だが、ゾーイが驚いたのは、自分の手のなかにもその光が宿りはじめ、それと同時に自分のからだの中に、堂々とした力が漲りはじめるのを感じたことだ。
「これはなんだい?」
ゾーイはセイに尋ねた。
「未練の力。本物のギフトだ」
「信じられないほどの力」
「この力でこの戦車をもちあげる。絶対にだ!」
ゾーイは手を握ってその力をもう一度感じてみた。ものすごい力が湧いてくるのが止まらない気分になる。
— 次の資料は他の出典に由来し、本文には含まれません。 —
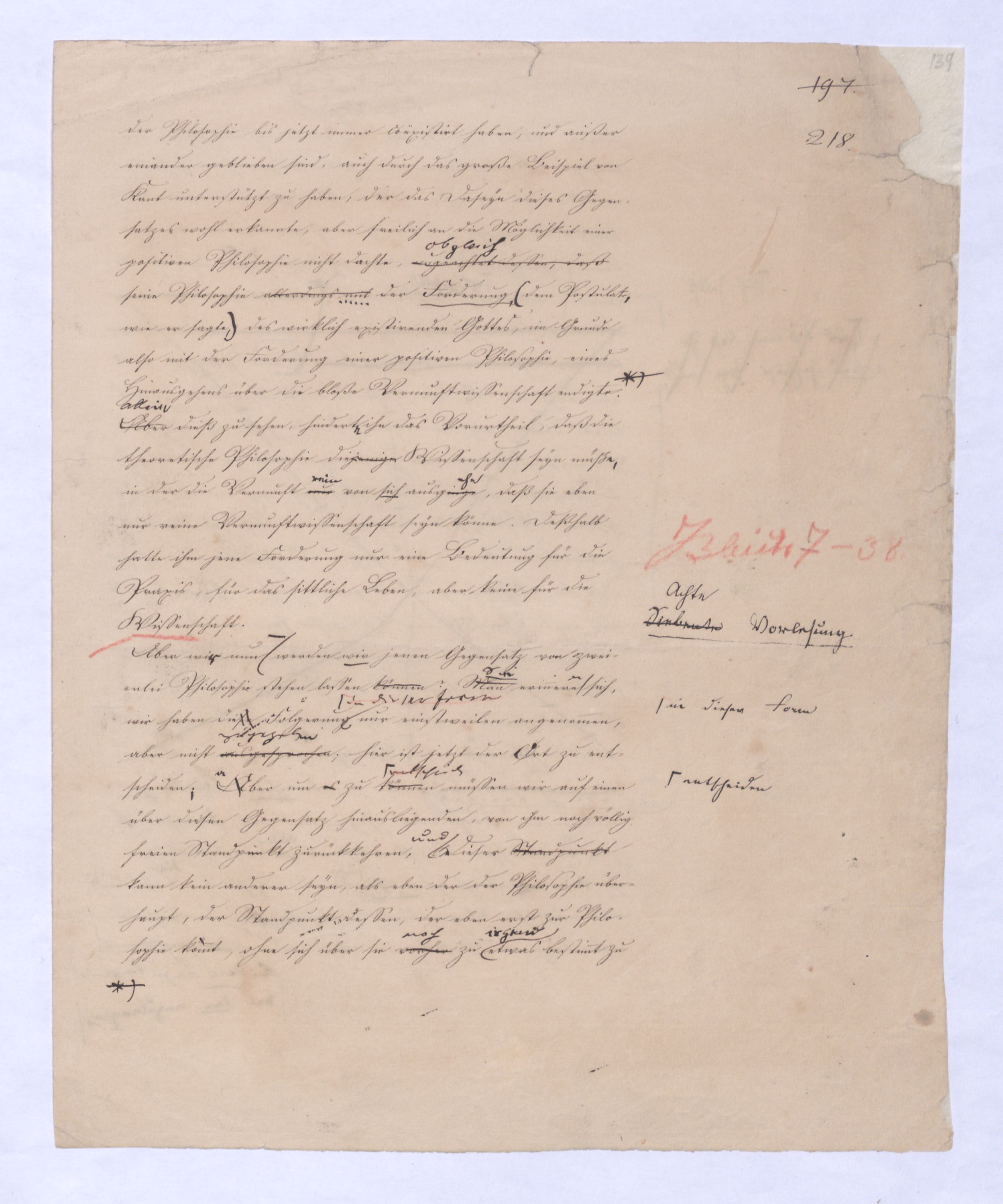 Theoretisch war mit diesem negativen Resultat im Grunde alle wirkliche Religion aufgehoben: denn alle wirkliche Religion kann sich nur auf den wirklichen Gott und zwar auf diesen nur als Herrn der Wirklichkeit beziehen denn ein Wesen, das dieß nicht ist, kann nie Gegenstand einer Religion, oder auch nuru. nicht einmal eines Aberglaubens werden. Dieß konnte aber nach dem negativen Resultat der Kant’schen Critik nie der Fall seyn: denn wenn Gott als Herr der Wirklichkeit erkennbar war, so gab es eine Wissenschaft für die er Princip war, in der die Wirklichkeit von ihm abgeleitet werden konnte, in der er also Princip war; aber dieß leugnete Kant. – Das negative Resultat seiner Critik war eben, daß er nie Princip seyn kann. Noch weniger freilich blieb ein mögliches Verhältniß der natürlichen Theologie zur geoffenbarten Religion übrig. Die geoff. Rel. setzt den sich offenb., also den wirkenden u. wirkl. G. voraus. Von dem als existirend bewiesenen Gott, den die alte Metaphysik zu haben glaubte, war ein Ubergang zu dem sich offenbarenden möglich; von dem Gott aber der nur die höchste Vernunftidee ist, könnte nur in einem höchst uneigentlichen Sinne gesagt werden, daß er sich dem Bewußtseyn offenbare, in einem ganz anderm als in welchem der Offenbarungsgläubige von Offenbarung spricht. Indem nun aber Kant konnte nun aber die alte Metaphysik nicht zerstörente, ohne zugleich Urheber einer ganz neuen Wissenschaft zu werden, da er nemlich unter dem bescheidenen Namen einer Critik der reinen Vernunft eine vollständige und erschöpfende Theorie des menschlichen Erkenntnißvermögens aufgestellt zu haben glaubte.

もしかしたらなにかの薬物でハイな状態になると、こんな感じなのだろうか。今なら戦車をあげられるのではないかと思えてくることに自分でも驚く。
セイが手のひらを開いたり、閉じたりしているゾーイに言った。
「まずは、ぼくらの戦車を挟み込んでいる両側の戦車を排除する」
セイの手のなかに宿った光が横に長く伸びたかと思うと、その手には刀が握られていた。
「おかしなまねを!」
そう叫んでセイの背後からアルゴスが襲いかかろうとするのが見えた。
「セイさん、うしろ!」
セイはうしろに振り向きざまに日本刀を引き抜き、飛びかかってきたアルゴスを斬り伏せた。百個もある目が一斉にカッと見開かれ、断末の苦しみにゆがんだ。セイは刀を戦車と戦車のあいだにふるうと、アルゴスの戦車を蹴飛ばした。
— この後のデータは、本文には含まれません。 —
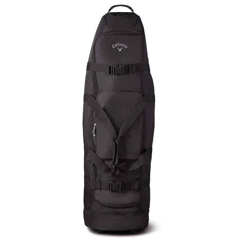 For the overnight getaway or golf holiday choose the Callaway Golf Clubhouse Travel Cover. The travel cover will ensure your clubs are ready to easily transport with a neoprene comfort grip handle and reinforced wheelbase. For easy access to your clubs, the cover features exterior quick-release tie-downs and has an internal shoe pocket. Finer details include a business card identification holder to allow you to identify your bag after arriving at your destination. Suitable for both cart and stand bags.
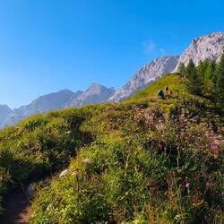Ich hatte eine tolle Runde zum Hahnkampl entdeckt, wusste aber nicht, ob ich die 900hm schaffe bzw wie ich sie verkrafte, will mein Herzstolpern samt Entzündung ja nicht schlimmer machen, wo die letzten Werte schon besser waren. Also ging ich es langsam an, hörte in mich hinein, achtete darauf, dass der Puls nicht zu hoch ging, und wenn ich das Herz gemerkt habe, dann schaltete ich einen Gang runter. Hauptsächlich berauschte ich mich aber am Weg, vor allem nach der Binsalm. Dort traf ich auf zwei Jungs, die den Weg zum Sonnjoch suchten, was da nicht mehr angeschrieben stand. Aber ich konnte ihnen weiterhelfen und wir gingen ein Stück zusammen und plauderten. Als sie auf einer Bank Rast machten, ging ich davon aus, die überholen mich eh wieder, aber ich sah sie leider nicht mehr. Nach einem guten Stück Forstweg wechselte der Weg zu einem Pfad, mal eher panoramamäßig, mal steiniger, mal wurzeliger, mal zwischen Latschen. Die Aussicht wurde immer grandioser - nach und nach tauchten die Bergspitzen rund um die Eng auf und das Grinsen im Gesicht immer größer. Flugs war ich am Binssattel und blickte Richtung Sonnjoch, Gramai, Lamsenjoch. Klar merkte ich das Herz ab und an, aber insgesamt ging es mir total gut und es war klar, auch zum Gipfel geht's noch. Ein Hüppel hoch, dann ein schöner Grat und ein letztes steiles Stück. Das Gipfelkreuz geschmückt mit bunten Gebetsfahnen. Nachdem ich am Aufstieg recht alleine war, war der Gipfel recht voll, aber abseits fand ich ein Plätzchen für eine genussvolle Pause mit Blick Richtung Abstieg. Im Gegensatz zum Juli am Elfer im Stubai schreckte mich es nicht, dass da plötzlich der Weg sozusagen hinterm nächsten Hüppel abfiel und nicht mehr zu sehen war. Irgendwie war klar, den Weg zu gehen. Und der war ebenso fantastisch! Ein schöner Grat, ein paar Kraxelstellen, zwei Mal kurz Drahtseil und dann war das grasige wesliche Lamsenjoch erreicht. Beschwingt ging ich erst den Pfad, dann den Forstweg zurück zur Binsalm, gleichzeitig die Eltern ankamen und Kaiserschmarrn und Germknödel herrlich schmeckten. Rund vier Stunden statt 4:30 Stunden hatte ich trotz gemütlichen Gehens, Pause und diversen begeisterten Fotostopps gebraucht. Ich war stolz auf mich, auch wenn die Angst im Hinterkopf lauert. Aber es war so gut, es zu machen! Eine geniale Tour, ein Tag im Sonnenschein und im gewaltigen Panorama des Karwendels, das den Kopf frei gepustet und das Herz leicht gemacht hat.Read more
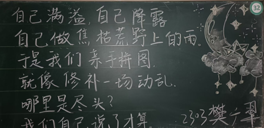 一撇一捺,妙笔生花,一字一句,意蕴隽永。为进一步加强师范生板书技能训练,夯实教学基本功,hg8088皇冠登录入口举办“方寸板书筑梦想 文化育人润心田”板书评选活动,经过对版面设计、板报内容、色彩运用、撰写方式等方面的综合考虑,2024-2025学年第三期评选结果如下:

セイの戦車と絡みついていたなにかが断ち切られて、アルゴスの戦車が外側に離れていく。ひときわ深く刻まれた轍に、車輪がとられて大きく揺れたかと思うと、そのまま底側をこちらに見せてひっくり返った。
セイはアルゴスの戦車がクラッシュする様子を見ることもなく、スフィンクスとゾーイのほうを振り向いていた。セイが刀を構える。そのとき、最終の23回目の折り返し点が近づいてきていることにゾーイが気づいた。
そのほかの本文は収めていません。